I think everybody's missing something in the general hue & cry over censorship. Here's something I found on ExpressBuzz:
"We prepared a drafted framework, which were discussed with the representatives of these platforms, to which they have agreed at that time. But, now on December 5, they told us they can’t agree with what government wants." Sibal said that the government wants the social media companies to frame a set of guidelines for uploading content."We want uploading data from these companies. We don't want to close these companies but want guidelines for uploading such content. We will definitely want information even if its posted outside India," said Sibal.
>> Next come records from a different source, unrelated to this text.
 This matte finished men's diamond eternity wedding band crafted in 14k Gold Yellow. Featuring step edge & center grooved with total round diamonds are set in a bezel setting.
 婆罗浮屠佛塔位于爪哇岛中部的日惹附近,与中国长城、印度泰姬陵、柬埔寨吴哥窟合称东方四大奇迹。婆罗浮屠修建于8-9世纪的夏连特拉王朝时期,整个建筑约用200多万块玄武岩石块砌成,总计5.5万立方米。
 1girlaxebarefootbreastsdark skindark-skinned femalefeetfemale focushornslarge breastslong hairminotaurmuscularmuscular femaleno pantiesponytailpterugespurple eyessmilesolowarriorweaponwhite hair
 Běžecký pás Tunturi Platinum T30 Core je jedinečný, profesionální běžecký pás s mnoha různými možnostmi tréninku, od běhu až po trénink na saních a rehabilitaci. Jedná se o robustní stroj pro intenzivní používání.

That takes this discussion into the realm of a power struggle between the government and the Internet businesses. It's got little to do with what is ethical and more to do with who gets to control detailed data about a large group of people.
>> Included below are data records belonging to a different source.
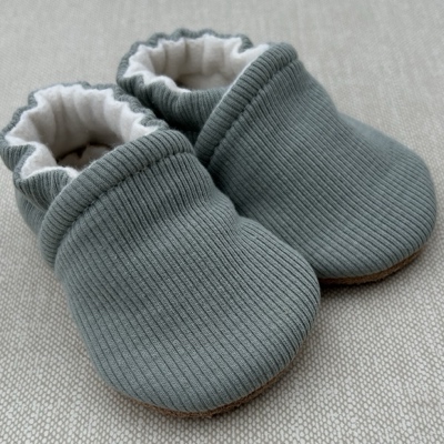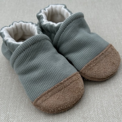 Snow and Arrow is proud to offer basic solids in a wide variety of colors. These slippers are made from high quality Birch brand organic cotton knit. The inner is fully lined in organic cotton fleece and leather soles offer a non-slip slipper for your little one. Hardwood and tile floors are no problem with Snow and Arrow! The elastic ankle is designed to easily go on and gently hug your little one's ankle, but best of all they are going to stay on wiggly feet!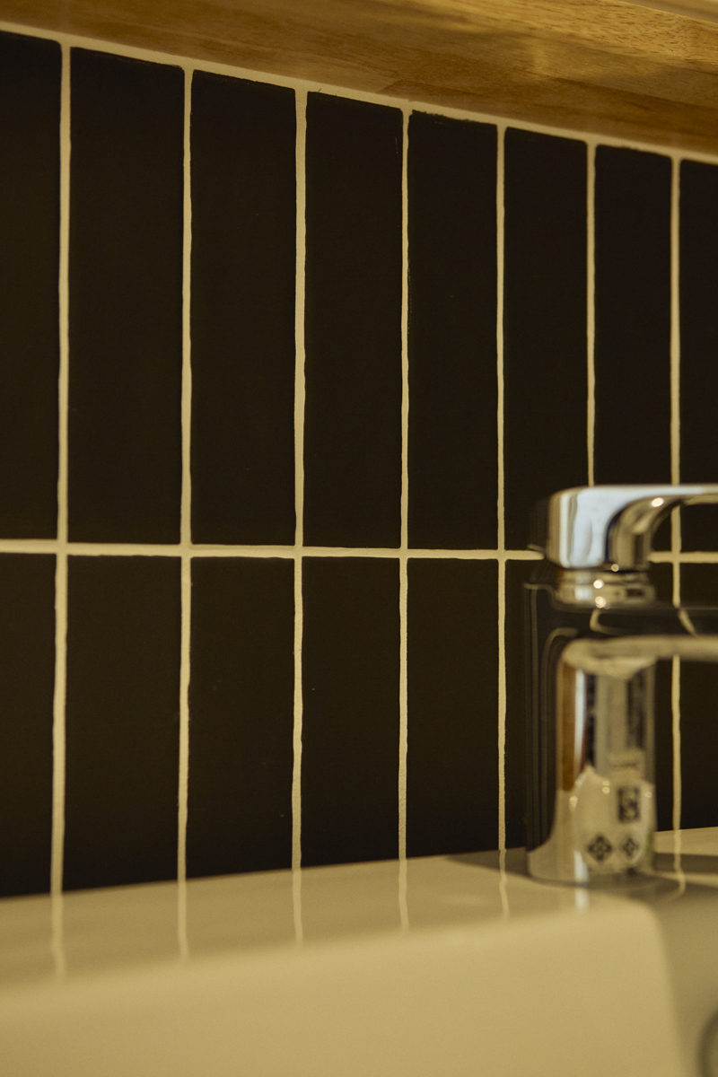 洗面のタイルには、華奢で若干の波打つようなデザインの黒いタイルを縦貼りにして貼り付けました。お施主様持ち寄りミラーとの相性も抜群です。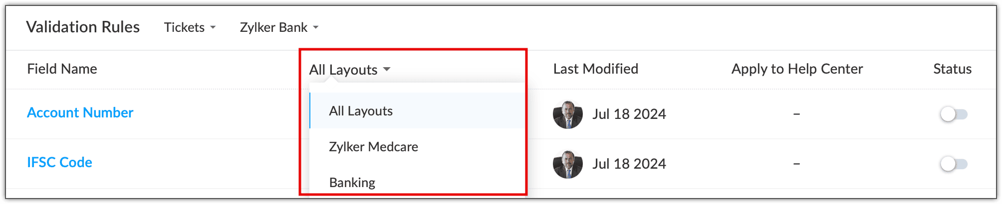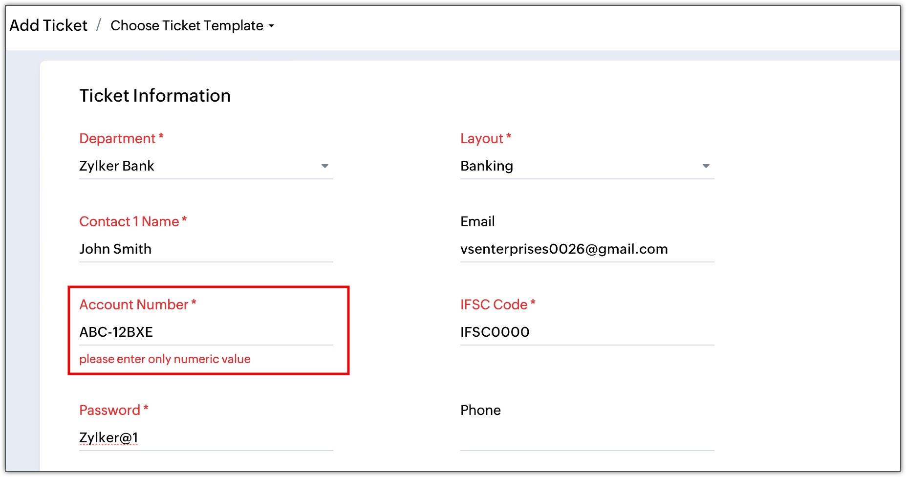 Validation rule provides businesses a way to ensure that the data entered by the customers and the employees is correct and meets their standards. It helps maintain data authenticity. When customers submit tickets or agents create tickets on behalf of the customers, they enter certain values into the fields. Businesses can ensure the entered values are accurate by setting a validation rule. Likewise, when agents enter data, such as product code, serial IDs, and customer details, these values can be authenticated using a validation rule.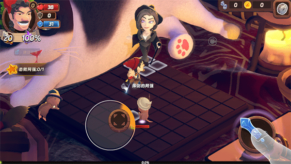 7、用手指在屏幕上的圆盘处滑动,以此控制移动方向,右侧设有攻击按键;

There have been attempts to censor the internet, in the past, starting right from public figures decrying it for making morphed pictures accessible in the 90s, to Blogspot being closed off for nearly 2 days following an Orkut hate-community targeted at a political party. None of those attempts lasted very long. Censorship does exist in movies and on television. The movie ‘The Ugly Truth’ ran for about an hour, after all the cuts, in its television premier in India. But the internet is not driven and distributed by local providers, who can be easily bullied by the government into enforced sanitization of content. Entire websites will have to be blocked and as they are key information repositories, this will severely handicap India’s access to information. Shutting out so much of the world is putting ourselves behind bars, not the other way round. Politics is inextricably intertwined with economics and India Inc. stands to lose badly if it is shuttered out of the world’s most comprehensive information & communications universe.
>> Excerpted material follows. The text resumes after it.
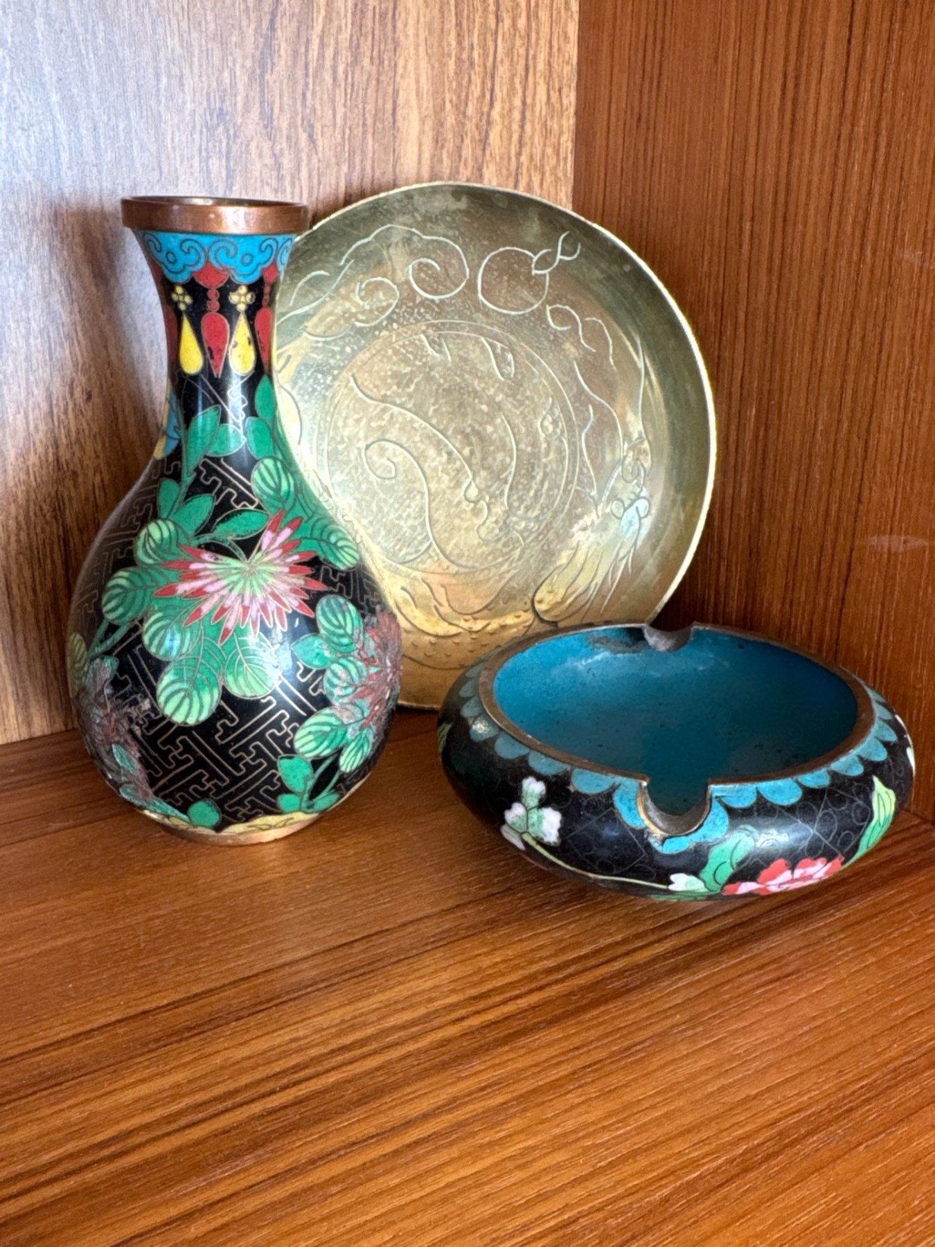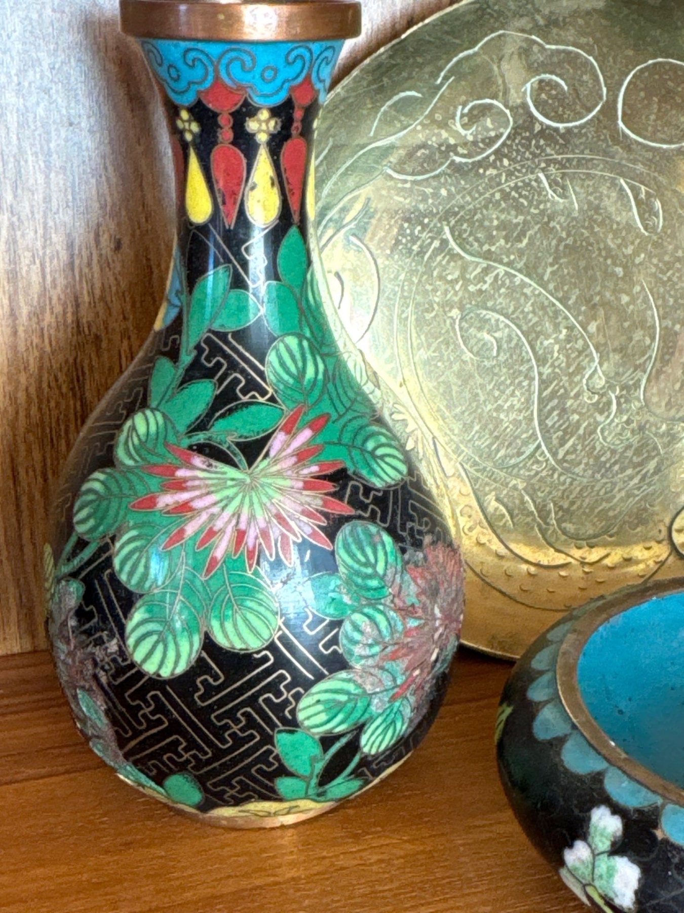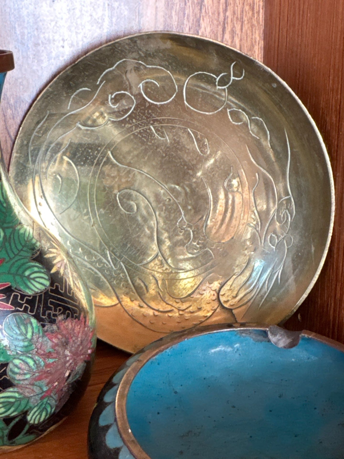 Cloisonne Decorative Housewares w/ Etched Brass Ancient Chinese Wealth Pot 6T

Public response has been ranty rather than rational ranging from off-colour jokes to public attacks on Kapil Sibal. In an ideal world, the impetus for Sibal’s thought would have come from a nobler ideal, than trying to curb negative response to his allies. But Sibal took offence at something he saw and stated the need for a regulation. I don’t agree with the source of his discontent but I see reason in his final proposal. Sibal has as much right to his sentiments as you and I do. Calling him an idiot for it, is neither fruitful nor really backing the cause of free speech.
Thus, neither absolute censorship, nor absolute free speech, are feasible options. Monitoring who is talking and what they’re saying is vital. I don’t see this as an invasion of privacy but simply policing a free space so that it may continue to be free and safe for everybody. We don’t object to that in the real world. Why decry it online?